L'Intégration dans le Cycle des Foires

Dhu al-Majaz ne peut être compris isolément. Il était l'aboutissement d'un système économique et culturel parfaitement huilé qui traversait l'Arabie. Les marchands qui arrivaient ici avaient souvent parcouru des centaines de kilomètres, suivant un itinéraire précis qui les menait du nord au sud, ou de l'est vers le Hedjaz.

Ce marché s'inscrit donc comme la conclusion logique de la dynamique des souks, foires commerciales et culturelles qui structuraient la société préislamique. Là où Ukaz était une foire d'apparat et de politique internationale, et Majanna une étape de transition, Dhu al-Majaz représentait le recentrage sur l'essentiel. Les alliances tribales scellées plus tôt dans la saison étaient ici mises à l'épreuve de la piété commune et de la trêve sacrée.

Le Passage vers l'Au-delà du Commerce

Alors que le soleil se couchait sur le huitième jour de Dhu al-Hijjah, une transformation s'opérait. Les bruits de marchandage s'estompaient pour laisser place à la Talbiyah, l'invocation du pèlerin répondant à l'appel divin. Les étals étaient démontés, les richesses matérielles empaquetées ou consommées.
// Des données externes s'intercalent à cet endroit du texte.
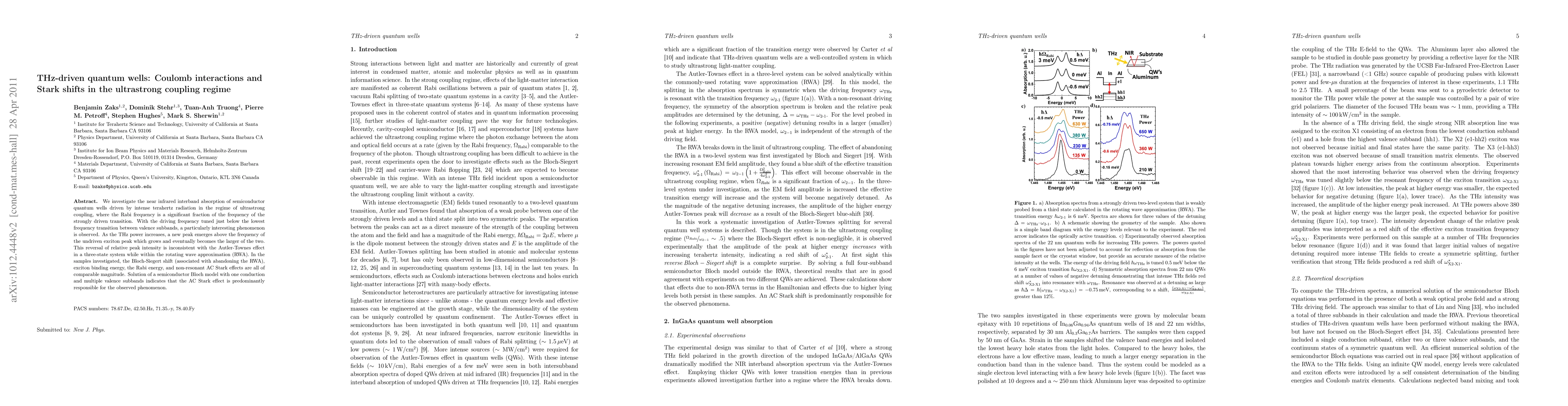 We investigate the near infrared interband absorption of semiconductor quantum wells driven by intense terahertz radiation in the regime of ultrastrong coupling, where the Rabi frequency is a significant fraction of the frequency of the strongly driven transition. With the driving frequency tuned just below the lowest frequency transition between valence subbands, a particularly interesting phenomenon is observed. As the THz power increases, a new peak emerges above the frequency of the undriven exciton peak which grows and eventually becomes the larger of the two. This reversal of relative peak intensity is inconsistent with the Autler-Townes effect in a three-state system while within the rotating wave approximation (RWA). In the samples investigated, the Bloch-Siegert shift (associated with abandoning the RWA), exciton binding energy, the Rabi energy, and non-resonant AC Stark effects are all of comparable magnitude. Solution of a semiconductor Bloch model with one conduction and multiple valence subbands indicates that the AC Stark effect is predominantly responsible for the observed phenomenon.

C'était là tout le rôle de Dhu al-Majaz dans la clôture des foires avant les rites sacrés : agir comme un sas de décompression. Il permettait aux Arabes de passer de l'état de marchands, préoccupés par le gain et l'honneur tribal, à celui de serviteurs humbles devant la divinité. Une fois Dhu al-Majaz quitté, il n'y avait plus de commerce, plus de vente, plus d'achat ; il ne restait que la montagne d'Arafat, le silence du désert et l'attente du pardon.